Tom Paine has an article on the need to get aggressive on global warming, and the need to take on the root of all evil - Exxon - in order to make progress.
Those who dismiss global warming’s threat have embraced a series of arguments, retreating from one to the next as they’re trumped by reality. The planet isn’t really warming, they say. If it is, it’s due to random fluctuations or sunspots, not human-created greenhouse gases. And even if global warming is real, it will bring more benefits than problems. Wherever I go, people offer up the same rationales. Some even rattle off the names of dissenting scientists, websites, or journal articles. They dismiss the 99 percent unanimity of international climate scientists and scientific associations by saying those sounding the warning are all on the take and probably also personal hypocrites.
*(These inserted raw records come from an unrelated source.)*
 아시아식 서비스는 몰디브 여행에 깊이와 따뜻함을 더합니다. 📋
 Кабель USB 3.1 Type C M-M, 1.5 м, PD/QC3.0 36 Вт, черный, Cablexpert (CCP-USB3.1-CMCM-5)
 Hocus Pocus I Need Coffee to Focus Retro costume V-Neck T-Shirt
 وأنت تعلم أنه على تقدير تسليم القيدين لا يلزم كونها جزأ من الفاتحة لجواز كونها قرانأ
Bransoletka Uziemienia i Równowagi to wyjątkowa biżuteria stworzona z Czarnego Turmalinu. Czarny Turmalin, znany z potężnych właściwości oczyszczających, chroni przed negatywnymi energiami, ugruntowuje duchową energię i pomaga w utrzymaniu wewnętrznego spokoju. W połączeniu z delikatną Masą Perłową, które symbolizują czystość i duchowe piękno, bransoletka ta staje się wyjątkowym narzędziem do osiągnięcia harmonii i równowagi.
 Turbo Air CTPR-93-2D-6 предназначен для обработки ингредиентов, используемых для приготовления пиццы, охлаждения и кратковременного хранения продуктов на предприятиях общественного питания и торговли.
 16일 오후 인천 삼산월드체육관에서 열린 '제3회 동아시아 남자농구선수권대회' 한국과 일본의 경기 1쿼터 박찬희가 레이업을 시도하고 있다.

“They’re just giving the government funding agencies what they want,” a student in Colorado Springs told me two weeks ago. “If they don’t, they won’t get their grants.” It’s an odd concept of pandering, given the massive challenges faced by any elected leader who takes the scientific message seriously. But the deniers insist that a handful of contrarians whose views are refuted by every major scientific study are somehow more credible than the collective judgment of practically every climate scientist in the world.
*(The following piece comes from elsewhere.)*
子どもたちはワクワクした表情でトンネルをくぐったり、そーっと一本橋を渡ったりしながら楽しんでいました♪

These arguments emerge from the standard echo chamber of Hannity, Rush and Fox News. But the spokespeople who articulate them in these venues and others more mainstream have been overwhelmingly sponsored by Exxon. As the Union of concerned Scientists explores in their meticulously detailed report, Smoke, Mirrors and Hot Air, and as George Monbiot examines in his powerful global warming book Heat, Exxon’s strategy of using a handful of industry-funded dissenters to cast doubt on an overwhelming scientific consensus was borrowed from the fight over tobacco regulation. In 1992, a major EPA report warned of the medical harm from second hand smoke. In response, Philip Morris hired the PR firm APCO to create a supposedly independent group, The Advancement of Sound Science Coalition (TASSC), to promote scientists who’d dispute this harm. Enlisting enough other corporate supporters so the effort didn’t seem just a tobacco industry creation, TASSC’s mission echoed the phrase from a memo of fellow tobacco company Brown and Williamson, "Doubt is our product.”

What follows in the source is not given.